Segment Open

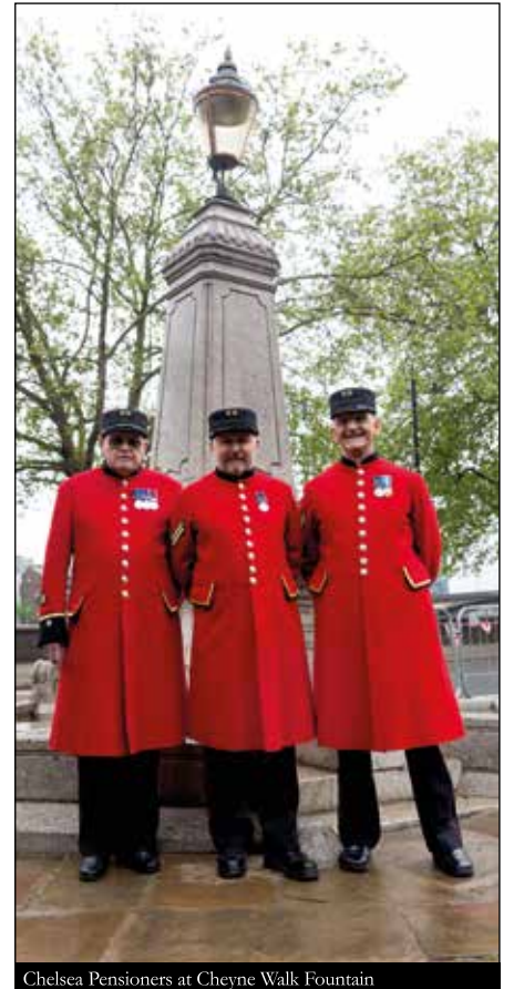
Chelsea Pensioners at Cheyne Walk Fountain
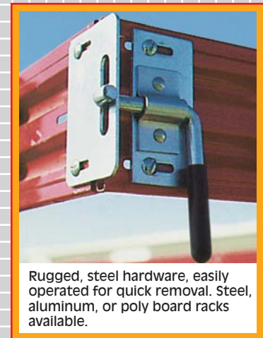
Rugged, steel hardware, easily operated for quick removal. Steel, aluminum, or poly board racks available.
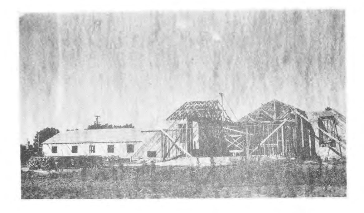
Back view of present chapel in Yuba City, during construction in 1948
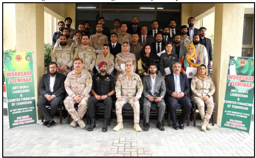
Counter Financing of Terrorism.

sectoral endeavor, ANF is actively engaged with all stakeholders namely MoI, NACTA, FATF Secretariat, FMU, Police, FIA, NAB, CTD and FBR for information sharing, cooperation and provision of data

Segment Closed

**YOUR ASSIGNMENT**
Starting at the line with "Rugged, steel hardware, easily" and stopping at the final line of the material, reproduce each line exactly, both ends included. Leave the pictures out.

**TASK RESPONSE**
Rugged, steel hardware, easily operated for quick removal. Steel, aluminum, or poly board racks available.
Back view of present chapel in Yuba City, during construction in 1948
Counter Financing of Terrorism.

sectoral endeavor, ANF is actively engaged with all stakeholders namely MoI, NACTA, FATF Secretariat, FMU, Police, FIA, NAB, CTD and FBR for information sharing, cooperation and provision of data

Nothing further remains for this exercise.